[Aim of the task]: Can the lines below, from the one that holds "Квартира выполнена в" to the very end, be echoed exactly, with both ends included and no pictures?

[Available data]:
* * * *

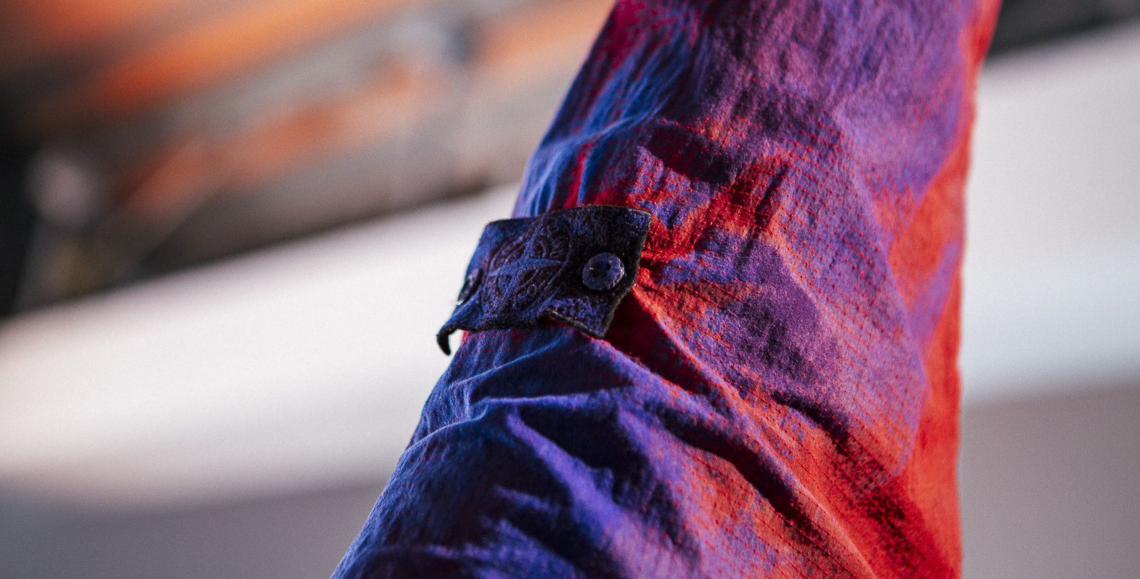 The nylon fabric has a grid inside is (the ripstop) so it's not a flat Nylon metal textile, consisting of three strands of yarn, one black, one grey, and one white. After the glue is applied, inside the machine a magnetic field is created, which attracts the flock fibres to then stick onto the garment. We then double dye, and for this occasion we chose Red and Blue, but what I find interesting is if you only do it in single color, then the result is a much a more subtle shading, meaning that within the post dyeing process such vast amounts of different things can be achieved.
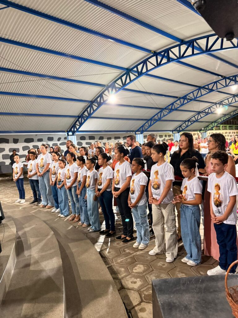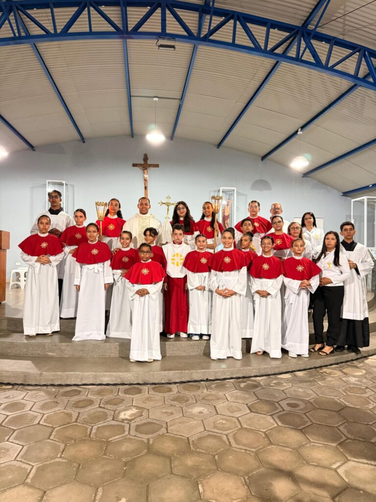 Encerrando o dia, às 19h30, foi celebrada a Santa Missa na Igreja Matriz, presidida pelo Padre Matheus Augusto. Durante a celebração, aconteceu a investidura de 16 novos coroinhas, que passaram a servir ao altar com dedicação e responsabilidade, assumindo seu papel na vida litúrgica da paróquia.
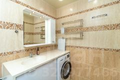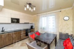 Квартира выполнена в современном классическом стиле с высококачественной отделкой. На кухне установлен новый гарнитур с встроенной техникой, а столешница из искусственного камня добавляет изысканности. Здесь есть обеденный стол, за которым с удовольствием будут собираться ваша семья и друзья.
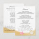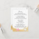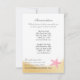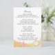 Conchas de oro y estrellas de mar rosadas decoran la tarjeta de información de esta bonita invitación de boda de playa. Itinerario en un lado y alojamiento en el otro. Personalice el texto como prefiera.

* * * *

[Result]:
 Квартира выполнена в современном классическом стиле с высококачественной отделкой. На кухне установлен новый гарнитур с встроенной техникой, а столешница из искусственного камня добавляет изысканности. Здесь есть обеденный стол, за которым с удовольствием будут собираться ваша семья и друзья.
 Conchas de oro y estrellas de mar rosadas decoran la tarjeta de información de esta bonita invitación de boda de playa. Itinerario en un lado y alojamiento en el otro. Personalice el texto como prefiera.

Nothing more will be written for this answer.